Define a rule in lexer

Attributes

  • id <string> : A unique id for <use>, can only be lower/upper case alphabetic, digits and _

  • pattern <string> : Token match pattern, support the following grammar:

    Characters:

    • alphabetic: a-z, A-Z

    • underscore: _

    • space

    • punctuators: ~, `, !, @, #, %, &, =, :, ", ', <, >, /

    • digits: 0-9

    • escape characters:

      • \t : horizontal tab

      • \r : return

      • \v : vertical tab

      • \f : line feed

      • \n : new line

      • hexadecimal character : like \x0a, should be 2 digits

      • \\, \?, \^, \$, \(, \), \*, \+, \-, \{, \}, \|, \., \, : punctuators

    • character class:

      • \d : [0-9]

      • \D : NOT [0-9]

      • \w : [0-9a-zA-Z]

      • \W : NOT [0-9a-zA-Z]

      • \s : [ \t\r\v\f\n]

      • \S : NOT [ \t\r\v\f\n]

      • \a : [a-zA-Z]

      • \A : NOT [a-zA-Z]

    Ranges

    • range: like [0-9]

    OR operation:

    Example:

    (lhs|rhs): lhs or rhs

    Group:

    Example:

    (lhs)?: one or zero lhs

    Repeat:

    • ?: one or zero times

    • +: one or more times

    • *: zero or more times

    • {N}: N times (N is an integer)

    • {N,}: N or more times (N is an integer)
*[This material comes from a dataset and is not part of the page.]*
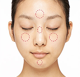 そして、頬、眉の間の上、鼻の頭、あごの5点につけます♭
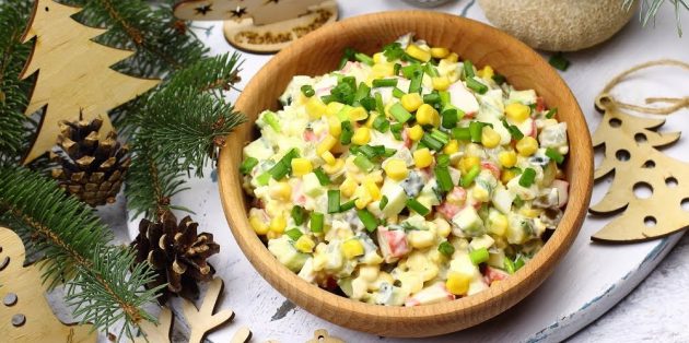 Классический рецепт салата из крабовых палочек с кукурузой и яйцом

    • {N, M}: N to M times (N, M are integers)

    Wildcard:

    • .: any supported character

    • $: end-of-file

  • push <string> : State name to push into stack

  • pop : Pop current group from stack

  • more : Consume the matched text for further $$

If both push and pop specified, stack will pop current group then push new group.

  • indent <number>Code indention
    • default : 4

    • 0 : no indention

    • negative value : keep same indention as pxml file (like HTML <pre>)

Children

C++ codes that may return a token.

The following replacement variables can be used in the codes:

  • _text : The matched text, from current pattern and previous more

  • _pos : The location of matched text

<group>

Define a group in lexer

Attributes

  • name <string> : [Required] Group name

Children

<rule>, <include>, <use>

<use>

Use a rule in lexer

Attributes

  • id <string> : [Required] The rule name to use

<parser>

Define parser

Attributes

  • class <string>Parser class name
    • default : "Parser"

  • headerFile <string>Path of output parser header file
    • default : "Parser.hpp"

  • sourceFile <string>Path of output parser source file
    • default : "Parser.cpp"

  • start <string>Start grammar
    • default : the first <grammar>

  • mode <string>Mode of parser table (Auto | LALR | GLR)
    • default : Auto

    In Auto mode, it will first use LALR, then switch to GLR if there’re conflicts

  • return <string>Return type of parse()
    • default : void

Children

<target>, <include>, <header>, <member>, <function>, <source>

<target>

Define a group of grammers that generate the same non-terminal as target

Attributes

  • name <string> : [Required] Target name

  • type <string> : C++ type of generated target object

Children

<grammar>

<grammar>

Define a grammar in parser

Grammar without pattern can be used to specify empty generation.

Attributes

  • pattern <string> : Grammar generation pattern, as a space-separated sequence of token or target

    Example: “Token1 target1 Token2”

    A special token, EOF, is used for end-of-file

  • indent <number>Code indention
    • default : 4

    • 0 : no indention

    • negative value : keep same indention as pxml file (like HTML <pre>)

Children

C++ codes that may return a generated object.

The following replacement variables can be used in the codes:

  • _this : Reference of parser.

  • _op : The operands of grammar. Use _opN to access parameter at index N.

  • _pos : The location of matched text as array. Use _pos[N] to access position at index N.